The back-to-back incidents add to a growing pattern of hackers attacking abandoned smart contracts that hold user funds but have no team capable of patching them.

Security researcher Cos flagged three suspicious transactions from Aztec’s private rollup bridge contract on June 18. These transactions were 1,158 ETH, 150,000 DAI, and 0.47 renBTC, which summed up to approximately $2.15 million according to Cos’s post on X.
The targeted contract that Cos highlighted is not the same one that was breached on June 14.
Security researcher, thisvishalsingh, confirmed on X that the Private Rollup Bridge drain “is a separate incident from the $2.1M drain on the deprecated Aztec Connect contract a few days ago.”
Aztec Labs said on X it was “investigating a potential exploit affecting a deprecated Aztec payments product from 2021,” describing the contract as “an immutable stage 2 rollup that was sunset in 2022.”
The Aztec Foundation stated that “the product was deprecated 4 years ago and Aztec Labs retains no controls over the system.”

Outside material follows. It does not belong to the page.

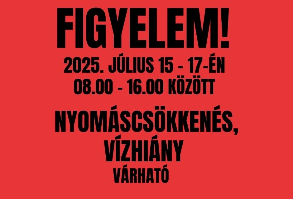 Nyomáscsökkenés, esetleges vízhiány várható több településen 2025. július 15 – 17. között!

The June 14 attack, which Aztec Labs documented in a post-mortem, exploited a flaw in how Aztec Connect’s proof verification system and its on-chain settlement code read the same batch of transactions. The proof system checked rows in groups of 32, while the settlement code only processed however many the batch declared as “real.”

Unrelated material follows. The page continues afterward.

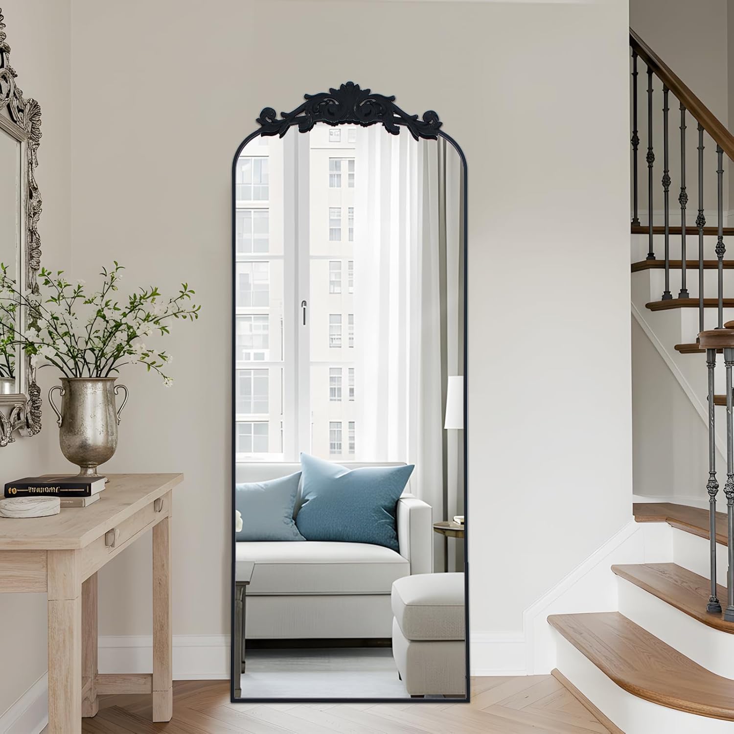- Black Aluminum Alloy Framed Floor Mirror with Vintage Ornate Carved Applique: The full length standing mirror features a modern style that can complement any type of room decor, adding a touch of elegance to your room, move light around and create the illusion of depth and space. This full body mirror with sleek looking is also great for selfies or pictures in general

Through 14 crafted rollup submissions packed into a single transaction, the attacker removed approximately 909 ETH, 270,513 DAI, 168 wstETH, and several Yearn vault tokens, totaling around $2.19 million, according to Aztec Labs.

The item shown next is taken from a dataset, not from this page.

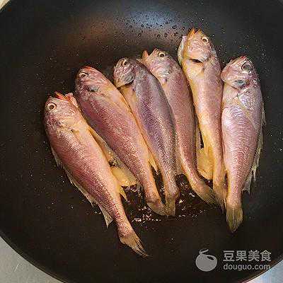 3、将小黄鱼放入锅内,大火煎一分钟,不要去铲动。

A follow-up attack on June 15 used the same technique on leftover DeFi bridge positions and carted away $88,000.
Aztec Connect was a privacy-preserving zk-rollup that was launched in 2022 and deprecated in 2023.
In April 2024, Aztec Labs renounced all administrative roles and upgrade authority on-chain after a year of urging users to withdraw. It did this to allow the other users who still had funds there to exit without the team getting involved.
However, it also meant that the Aztec team had no access to deploy any fix should any vulnerability get detected.
Blockchain security firm Blockaid reported that its monitoring platform detected the attacker’s preparation activity about six minutes before the draining transaction executed on June 14.
The Aztec incidents are not isolated. On June 15, DeFi options protocol Thetanuts Finance confirmed a $2.1 million exploit targeting a legacy vault it had migrated away from years earlier. That attack exploited a flaw in the vault’s redemption logic, according to security researcher ExVul.
Blockful.eth highlighted the trend on X, writing, “In the last days, we had 2 exploits exposing a risk that few remember exists in DeFi: old contracts with millions of dollars sitting idle.”
For protocols that renounce admin keys in the name of decentralization, the tradeoff may be looking bad in retrospect now, as it seems attackers have set their sights on them.
June exploit losses across DeFi have already crossed $43 million at the month’s midpoint, per DefiLlama, and deprecated contracts appear to be a growing share of the target surface.